SUPPLIED DATA =>
Segment Open
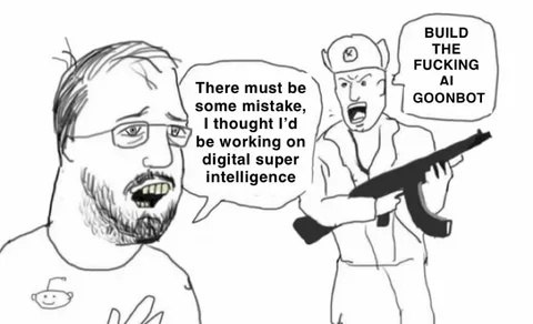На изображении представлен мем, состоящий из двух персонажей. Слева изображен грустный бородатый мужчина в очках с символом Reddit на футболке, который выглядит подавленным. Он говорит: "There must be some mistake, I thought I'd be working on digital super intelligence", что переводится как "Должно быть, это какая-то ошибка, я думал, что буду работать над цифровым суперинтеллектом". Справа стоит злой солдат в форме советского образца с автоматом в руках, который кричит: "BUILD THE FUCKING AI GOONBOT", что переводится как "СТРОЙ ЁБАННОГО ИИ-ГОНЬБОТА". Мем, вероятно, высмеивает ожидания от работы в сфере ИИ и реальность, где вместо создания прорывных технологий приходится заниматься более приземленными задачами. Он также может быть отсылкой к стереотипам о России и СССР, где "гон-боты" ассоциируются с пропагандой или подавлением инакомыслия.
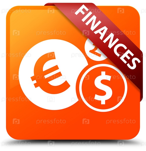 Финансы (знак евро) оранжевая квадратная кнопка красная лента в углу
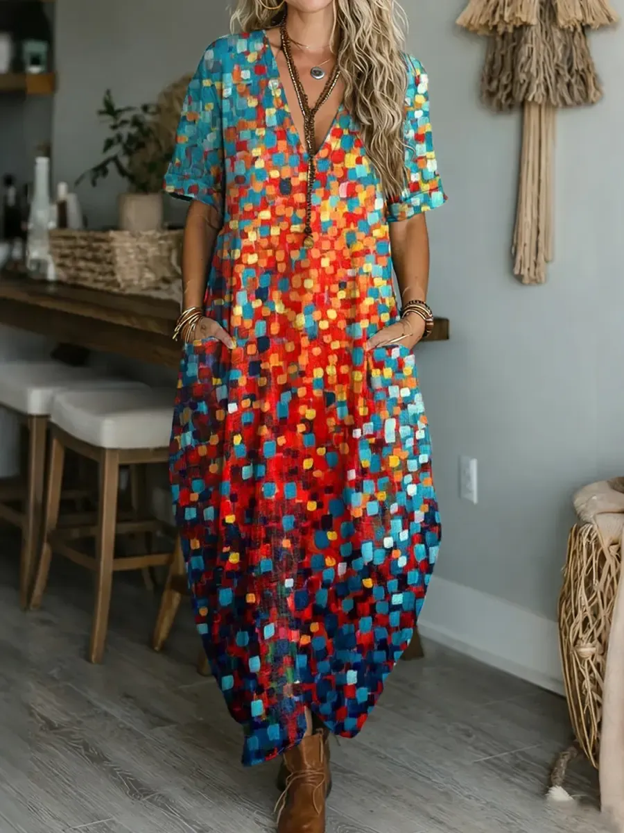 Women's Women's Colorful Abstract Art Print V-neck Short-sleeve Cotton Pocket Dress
Segment Closed
Segment Open
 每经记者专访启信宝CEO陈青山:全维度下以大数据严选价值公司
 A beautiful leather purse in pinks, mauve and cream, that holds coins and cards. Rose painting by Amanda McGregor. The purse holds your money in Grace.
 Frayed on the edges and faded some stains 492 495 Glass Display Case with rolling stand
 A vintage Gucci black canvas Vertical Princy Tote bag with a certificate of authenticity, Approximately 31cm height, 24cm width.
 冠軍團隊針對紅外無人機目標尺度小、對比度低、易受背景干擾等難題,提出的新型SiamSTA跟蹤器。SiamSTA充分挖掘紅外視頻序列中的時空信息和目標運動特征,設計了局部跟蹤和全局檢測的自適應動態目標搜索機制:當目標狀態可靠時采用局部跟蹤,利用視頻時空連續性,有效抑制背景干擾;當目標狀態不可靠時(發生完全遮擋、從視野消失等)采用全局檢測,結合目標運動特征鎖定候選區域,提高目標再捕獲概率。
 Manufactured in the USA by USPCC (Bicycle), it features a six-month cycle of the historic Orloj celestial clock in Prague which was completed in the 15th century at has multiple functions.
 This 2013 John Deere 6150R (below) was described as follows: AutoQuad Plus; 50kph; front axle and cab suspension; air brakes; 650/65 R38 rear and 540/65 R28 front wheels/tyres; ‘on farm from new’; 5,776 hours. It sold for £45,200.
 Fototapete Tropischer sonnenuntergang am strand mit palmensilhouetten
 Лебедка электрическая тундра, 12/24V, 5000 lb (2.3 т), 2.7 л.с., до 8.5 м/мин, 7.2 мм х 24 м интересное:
Segment Closed
Segment Open
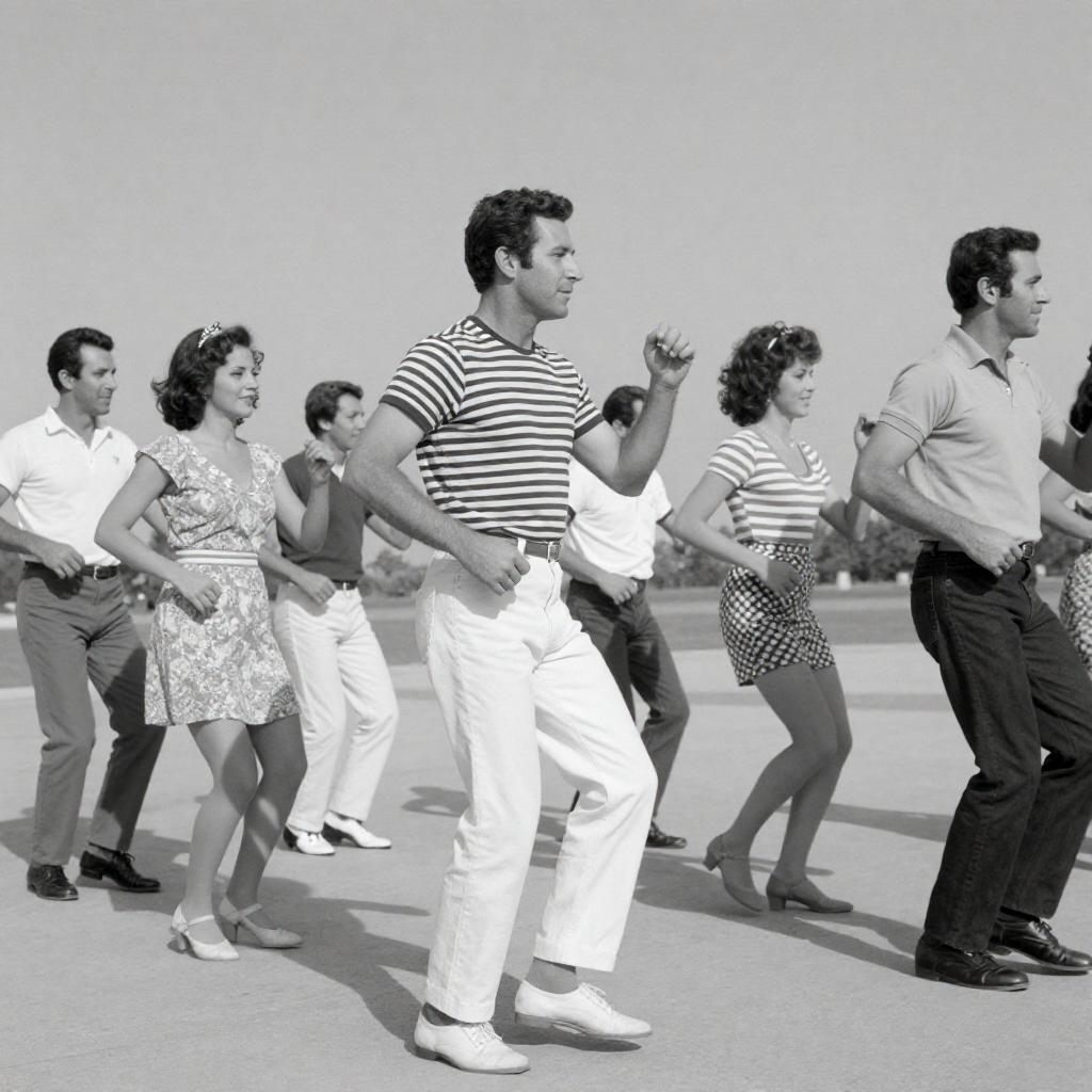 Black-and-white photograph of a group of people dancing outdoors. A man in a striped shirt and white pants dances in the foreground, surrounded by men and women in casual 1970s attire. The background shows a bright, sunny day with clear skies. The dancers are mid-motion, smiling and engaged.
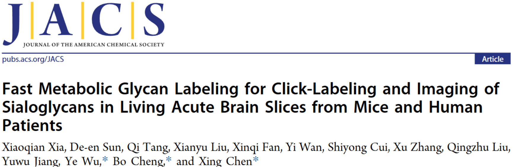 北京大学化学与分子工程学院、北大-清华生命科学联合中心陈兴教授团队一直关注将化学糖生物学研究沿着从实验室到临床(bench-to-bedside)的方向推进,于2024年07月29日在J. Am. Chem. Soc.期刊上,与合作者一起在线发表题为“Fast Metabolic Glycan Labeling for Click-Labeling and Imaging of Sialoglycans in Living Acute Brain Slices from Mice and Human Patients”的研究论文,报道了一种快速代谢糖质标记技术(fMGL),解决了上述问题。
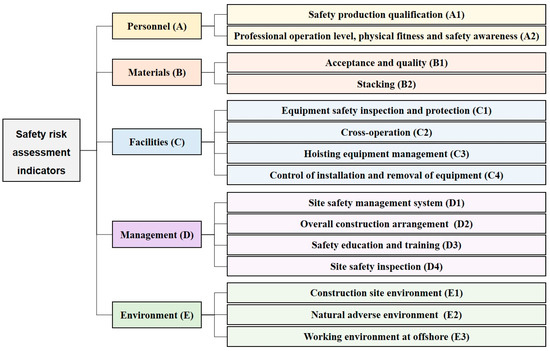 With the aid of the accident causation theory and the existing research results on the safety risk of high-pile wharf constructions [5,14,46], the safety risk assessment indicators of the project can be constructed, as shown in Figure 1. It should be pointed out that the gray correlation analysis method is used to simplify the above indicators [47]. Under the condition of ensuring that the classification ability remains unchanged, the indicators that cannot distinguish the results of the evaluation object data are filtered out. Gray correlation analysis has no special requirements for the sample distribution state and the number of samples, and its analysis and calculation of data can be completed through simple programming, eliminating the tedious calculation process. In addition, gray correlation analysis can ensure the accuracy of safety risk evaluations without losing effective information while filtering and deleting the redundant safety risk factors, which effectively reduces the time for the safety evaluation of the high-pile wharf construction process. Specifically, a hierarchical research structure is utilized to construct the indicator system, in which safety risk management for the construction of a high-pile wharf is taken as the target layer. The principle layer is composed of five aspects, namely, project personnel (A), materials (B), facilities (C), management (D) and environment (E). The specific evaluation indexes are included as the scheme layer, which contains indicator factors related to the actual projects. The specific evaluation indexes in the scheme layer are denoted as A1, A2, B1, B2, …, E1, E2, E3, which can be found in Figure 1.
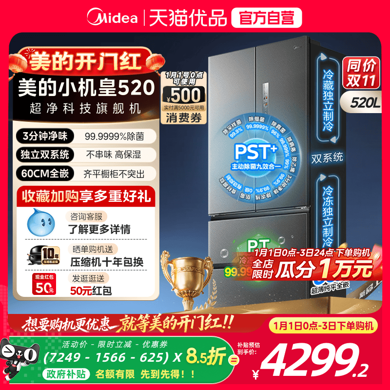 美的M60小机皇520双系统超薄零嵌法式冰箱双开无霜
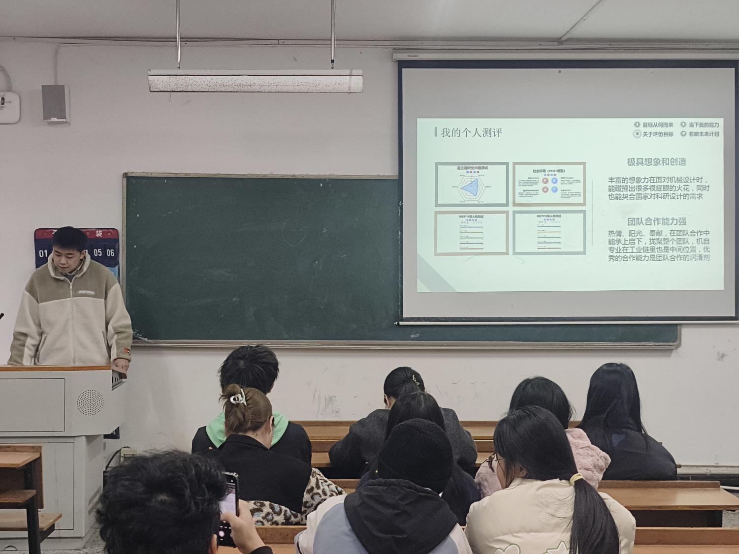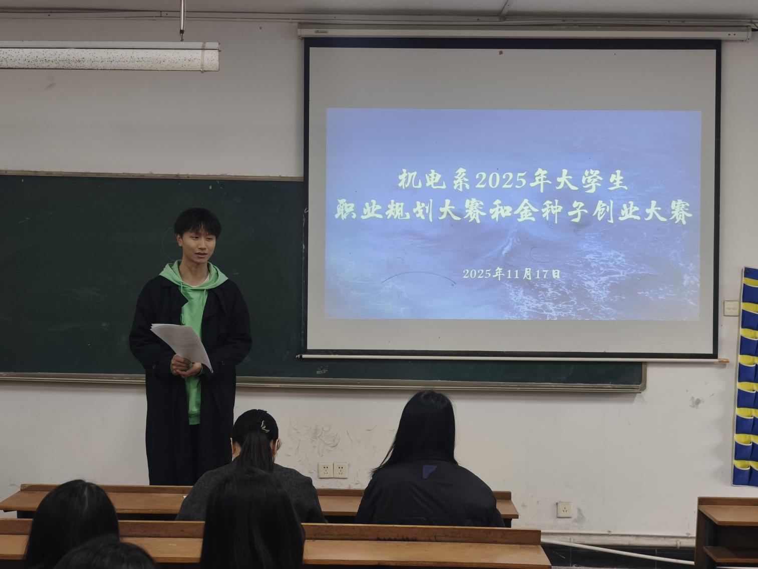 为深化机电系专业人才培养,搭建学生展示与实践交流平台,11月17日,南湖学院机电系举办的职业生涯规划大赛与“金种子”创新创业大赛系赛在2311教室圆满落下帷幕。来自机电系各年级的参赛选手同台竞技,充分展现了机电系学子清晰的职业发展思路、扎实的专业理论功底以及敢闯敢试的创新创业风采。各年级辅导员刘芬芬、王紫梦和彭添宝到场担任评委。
Segment Closed
With the pictures removed, print only the lines starting at the line that has "Black-and-white photograph of" and ending at the line that has "Metabolic Glycan Labeling", both ends included, exactly as they stand above.

SOLUTION =>
 Black-and-white photograph of a group of people dancing outdoors. A man in a striped shirt and white pants dances in the foreground, surrounded by men and women in casual 1970s attire. The background shows a bright, sunny day with clear skies. The dancers are mid-motion, smiling and engaged.
 北京大学化学与分子工程学院、北大-清华生命科学联合中心陈兴教授团队一直关注将化学糖生物学研究沿着从实验室到临床(bench-to-bedside)的方向推进,于2024年07月29日在J. Am. Chem. Soc.期刊上,与合作者一起在线发表题为“Fast Metabolic Glycan Labeling for Click-Labeling and Imaging of Sialoglycans in Living Acute Brain Slices from Mice and Human Patients”的研究论文,报道了一种快速代谢糖质标记技术(fMGL),解决了上述问题。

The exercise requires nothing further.